# External Harddrive wont work on mac



## canada391 (Mar 16, 2011)

Well, First off, I am not too bright when it comes to using computers, I have a bit of a short fuse with technology. I have always used a PC in the past. Just recently I switched to Mac. I want to use my external hard drive with my mac but am running into some problems.

The hard drive does show up on the desktop and I can open the folder. however, some stuff used to show up, ie. some folders, some with stuff in them, others just showed up blank. I went to use the hard drive today, and when I open the Hard drive the folder is empty. It does show that 600 gb are used up, but still nothing there! it says the folder is empty!

When I went back to my PC everything was on this hard drive, and yet it still does not show anything (pictures, movies, music etc.) on the mac.

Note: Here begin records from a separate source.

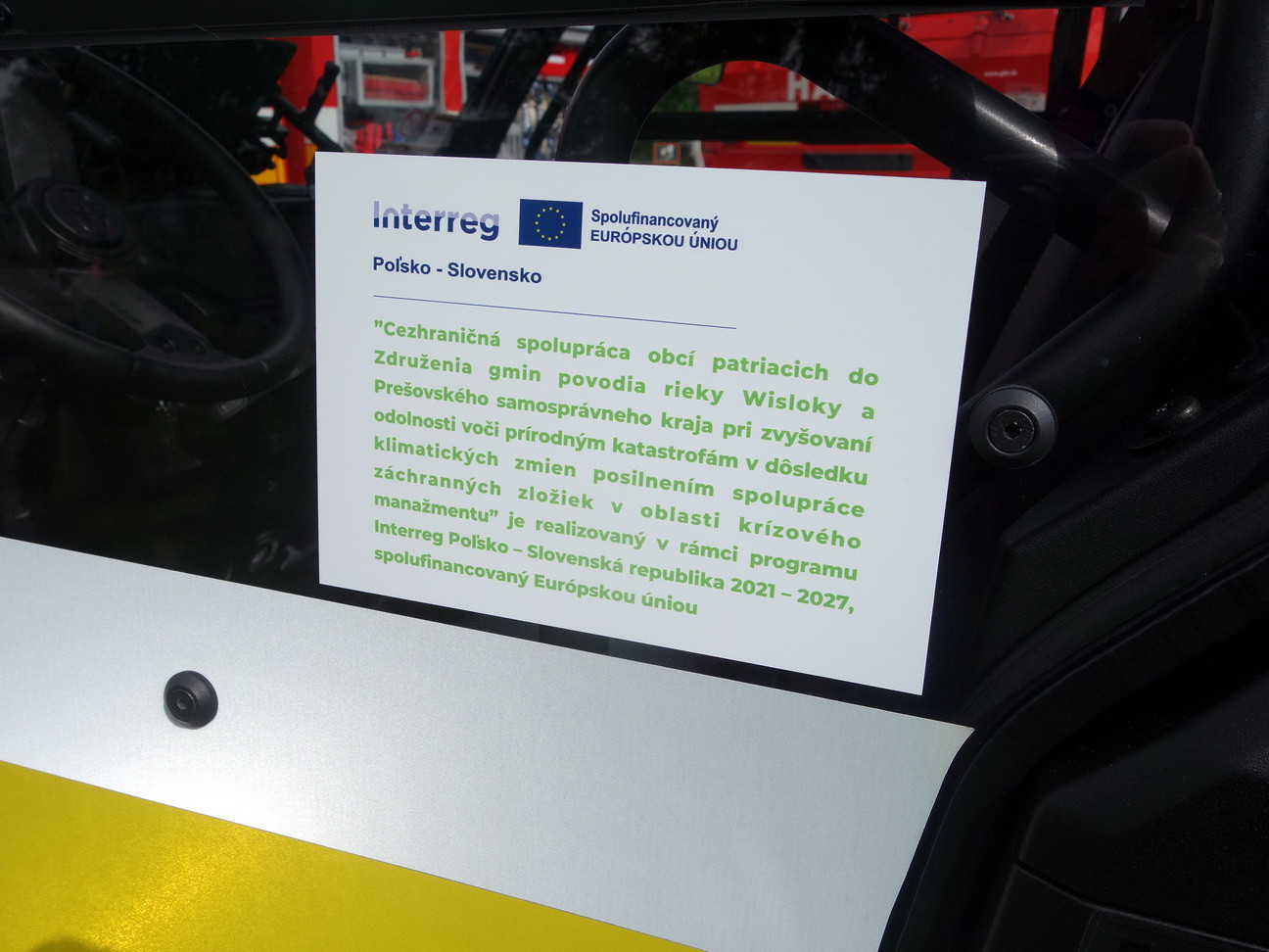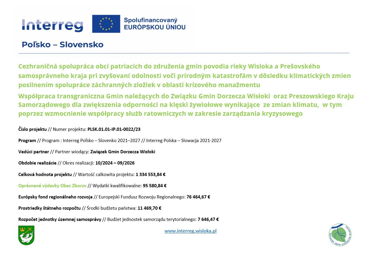 „Cezhraničná spolupráca obcí patriacich do združenia gmin povodia rieky Wisloka a Prešovského samosprávneho kraja pri zvyšovaní odolnosti voči prírodným katastrofám v dôsledku klimatických zmien posilnením spolupráce záchranných zložiek v oblasti krízového manažmentu“, číslo projektu PLSK.01.01-IP.01-0022/23.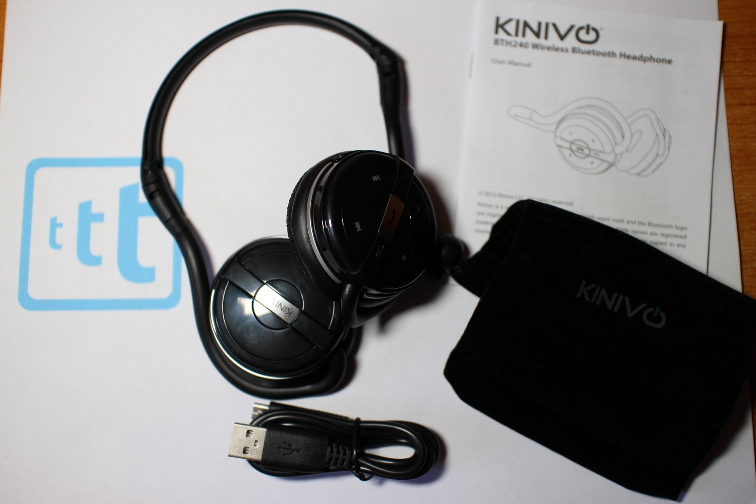 CONFEZIONE La confezione delle Kinivo BTH240 è totalmente in cartone lucido, al suo interno oltre alle nostre cuffie troviamo un cavo USB per la ricarica, una custodia per trasportarle in giro e un manuale di istruzioni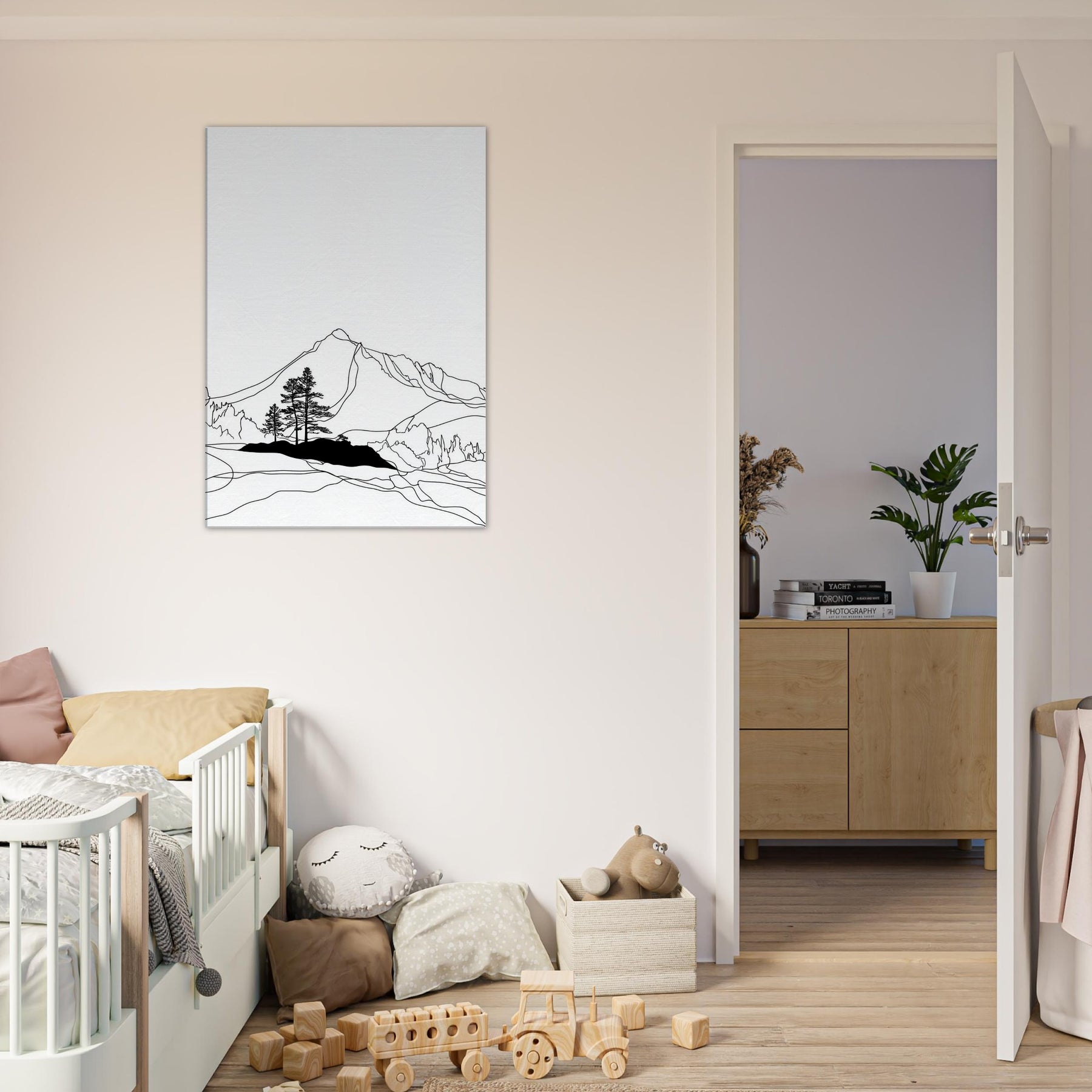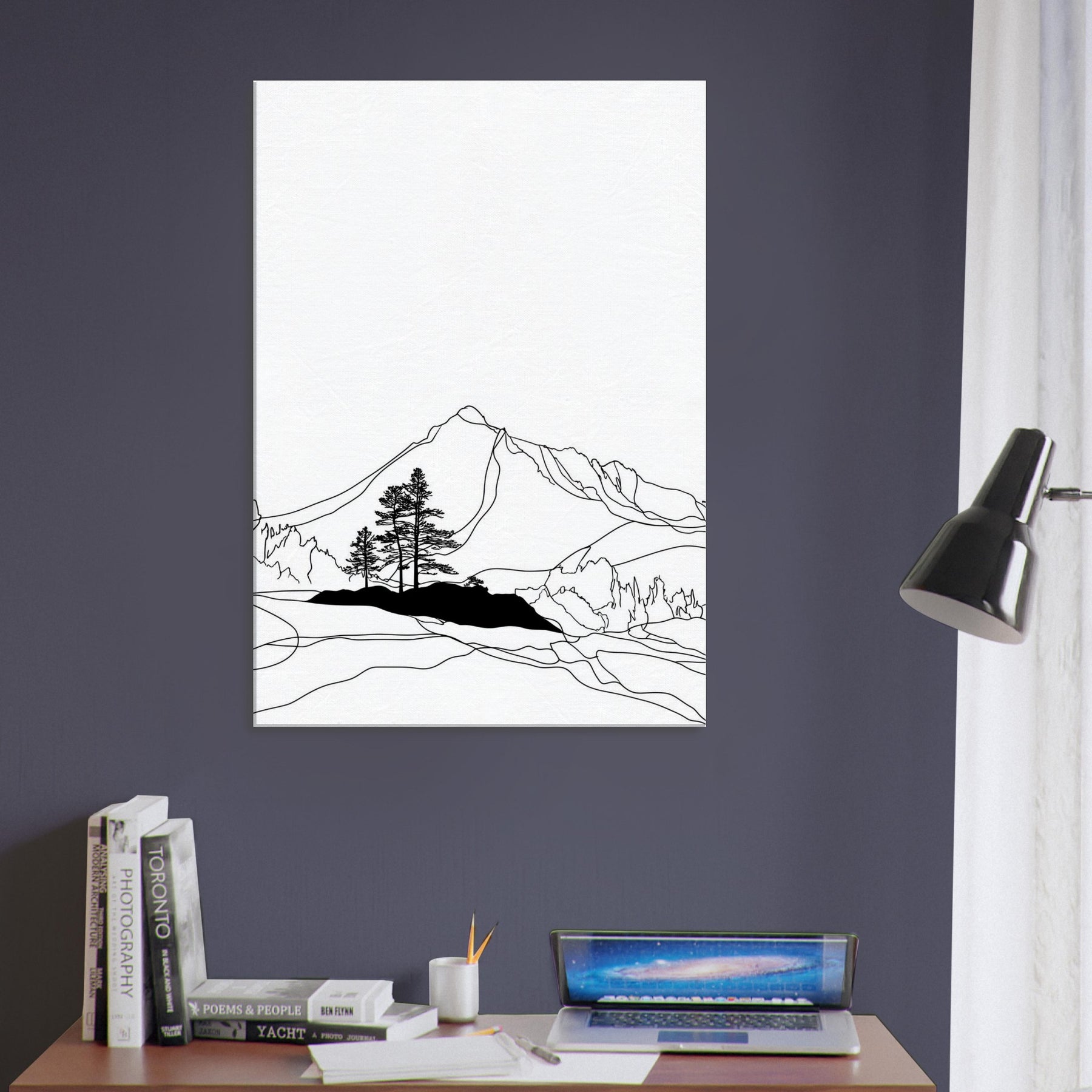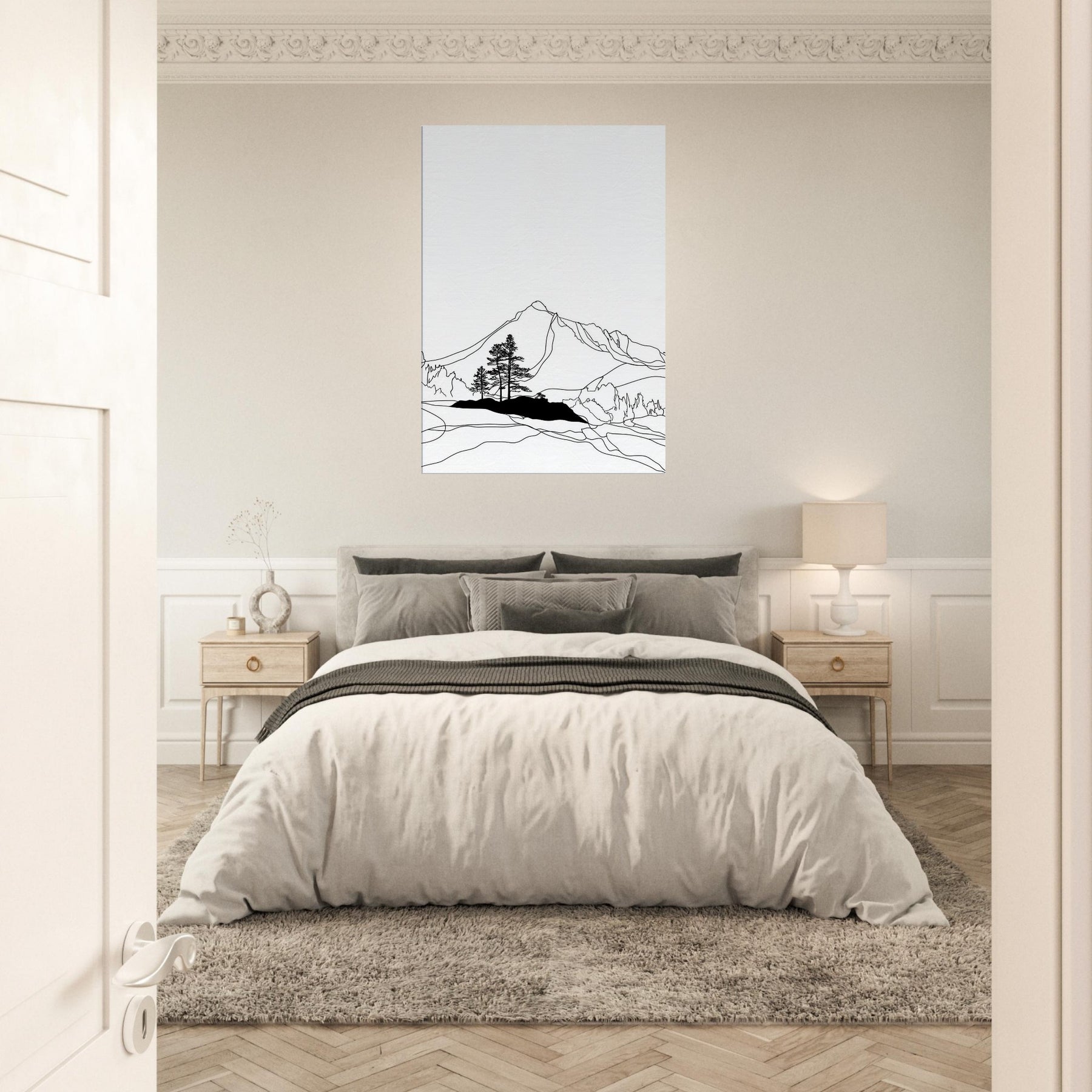Where mountains cradle a silent shoreline, the Aurora Borealis comes to life in a refined line drawing. This nature inspired piece uses clean contours and stark contrast to suggest motion without overwhelming the room, inviting a quiet gaze from across a sunlit living area or a candlelit night nook. The effect is Nordic in mood, airy, restrained, and luminous, making it a contemplative focal point that elevates both everyday rituals and memorable evenings.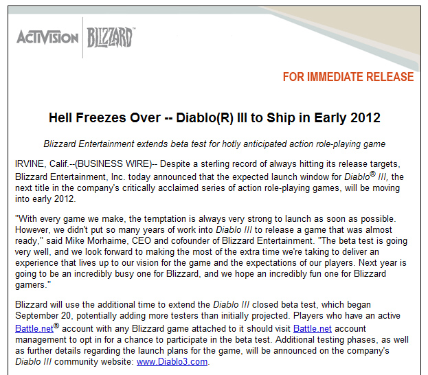 Между другото особено култово, е че прес релийза казва, че въпреки че до сега винаги са си пускали игрите навреме (!?) 😀 Blizzard Entertainment обявяват, че „прозореца за излизането“ на D3 е преместен за началото на 2012. Естествено това се правило с цел да се събере повече инфо от бетата и т.н.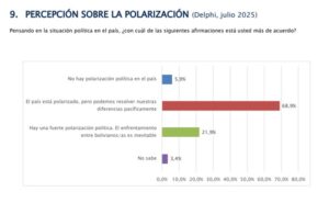 Un estudio Delphi de la Fundación Friedrich Ebert Stiftung (FES) publicado en julio de este año en el que se consulta a actores políticos, periodistas y analistas indica que un 16,4 % atribuye que la situación política del país es mala por la polarización ideológica. Además, un 68,9 % cree que el país está polarizado, pero que se pueden resolver las diferencias pacíficamente, mientras que un 21,9 % señala que por la fuerte fragmentación “el enfrentamiento es inevitable entre bolivianos”.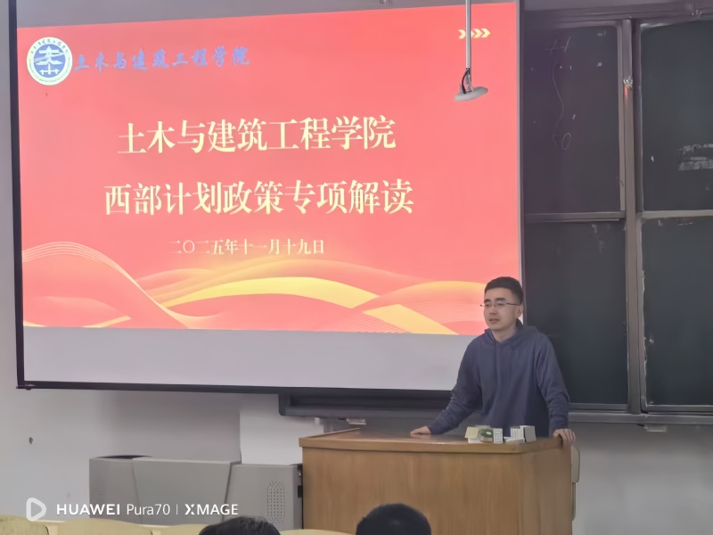 为引导青年学子将个人理想融入国家发展大局,鼓励 2026 届毕业生投身西部建设、在基层一线锤炼成长,11 月 19 日,土木与建筑工程学院开展西部计划专题讲座。本次讲座邀请 2 位参与西部计划的优秀校友线上分享实践经验,学院团委辅导员刘慧亮主持讲座,现场秩序井然、互动氛围浓厚。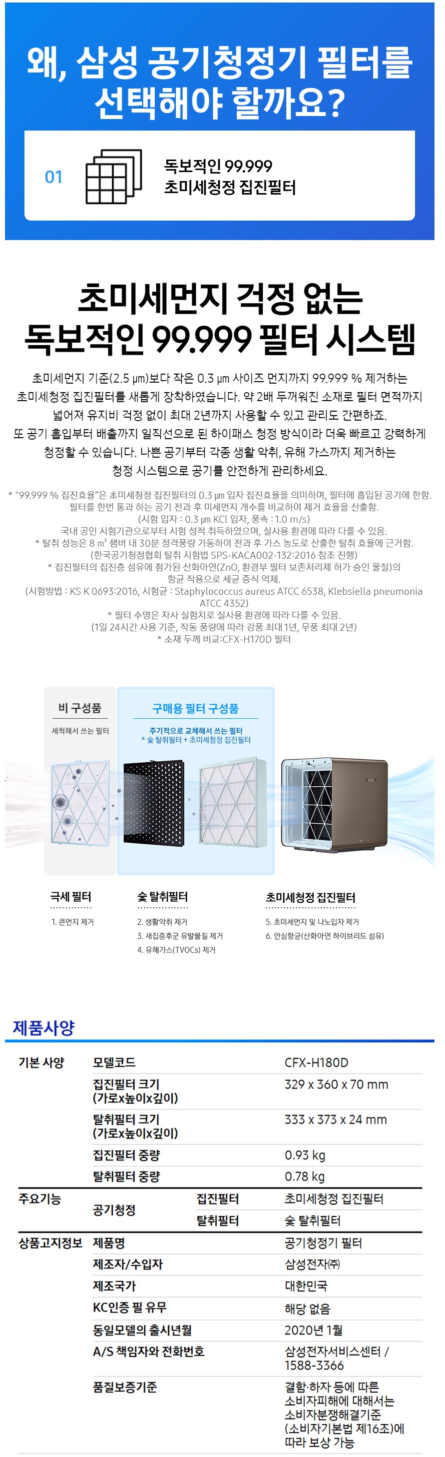 삼성 공기청정기 큐브 필터 CFX-H180D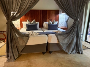 Nous rejoignons ensuite l’aéroport pour un vol privé vers Victoria Falls. Depuis le ciel, le Zambèze apparaît comme un long ruban d’argent serpentant à travers la savane 🪶. À l’arrivée, transfert vers notre hôtel-boutique Shongwe Oasis 5*, un établissement réservé aux adultes, à l’ambiance intime et verdoyante 🌺. Membre d’Africa’s Eden, le lodge soutient les initiatives locales et les projets de conservation, en harmonie avec l’esprit responsable de notre voyage 💚.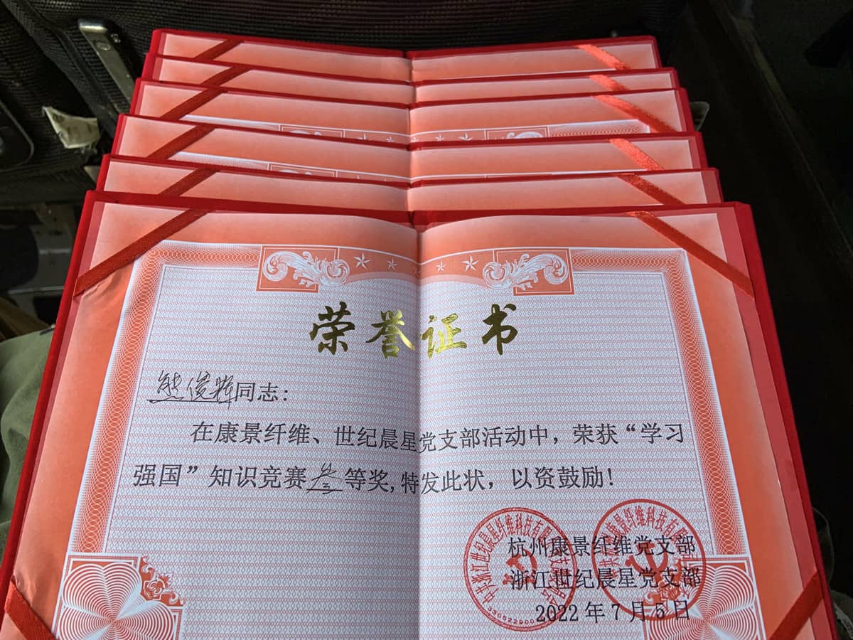 5 Temmuz'da, Zhejiang Century Morningstar Fiber Technology Co., Ltd. Parti Şubesi ve Hangzhou Kangjing Fiber Parti Şubesi, Güney Anhui Olayı'nın ürünü olan Shangrao Toplama Kampı'nın anma yerini ziyaret etmek için Jiangxi Eyaleti, Shangrao'ya gitti. . Yolda otobüste güçlü bir ülkenin bilgilerini öğrenmek için küçük çaplı ortak bir yarışma düzenlendi. Onursal sertifikaların ve ikramiyelerin verilmesi, teorik bilginin güçlendirilmesini ve parti üyelerinin kalitesinin artırılmasını amaçlamaktadır!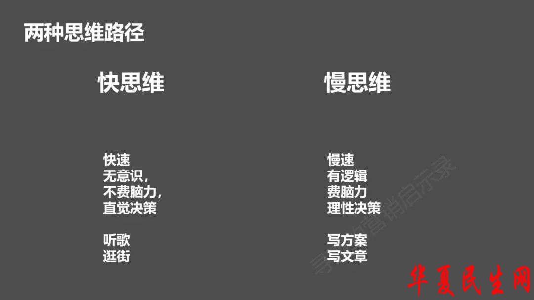 系统2将注意力转移到需要费脑力的大脑活动上来,例如复杂的运算,可以称为慢思维。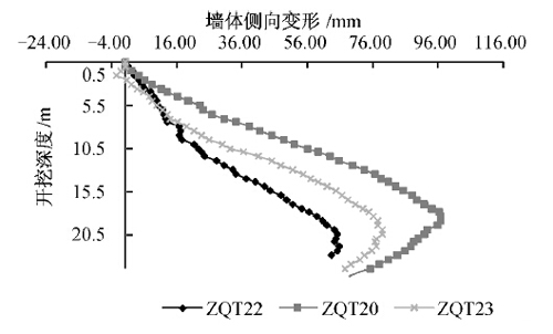 墙体测斜点ZQT22,ZQT23有效测斜深度分别为23.0,24.5m,测得ZQT20,ZQT22,ZQT23在开挖即将完成时的变形曲线如图3所示。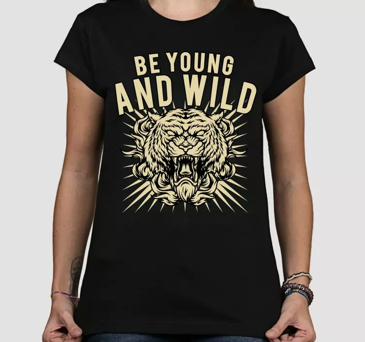Reference: T4848This design features a powerful lion head with bold typography showcasing the phrase 'Be Young and Wild'. The fierce expression of the lion conveys a sense of strength and adventure, making it a striking choice for individuals looking to express their wild side.

I am getting quite frustrated, hopefully someone can help!
Thank you very much, Nathan


----------



## sinclair_tm (Mar 11, 2005)

You just switched to Mac, but are using a PowerBook? Those are rather old. Nice if you have been using Macs for a long time, and still have software for them, but not the best for new Mac users. This is because they are not able to run the current software, and most companies are dropping G4s from supported CPU lists. If I were to wager a guess, your hard drive is a newer one, USB2, and over 200Gb in size, formatted in NTFS. Also, the PowerBook isn't running above 10.3 is it? These added up could be the cause of your issues. Macs and large NTFS drives don't always work together well. They can't write to them at all, just read, plus older Macs had issues with large drives and USB2, especially if the Mac doesn't have USB2 to begin with. If possible, take your hard drive to a local Apple store and plug it into a new Mac and see if it still does it. If so, then there is something funky with the hard drive, like it's using special software in Windows. If not, then I'd upgrade to the newest OS that the PowerBook supports. We'd need to know which model it is to tell you the version to find on ebay.


----------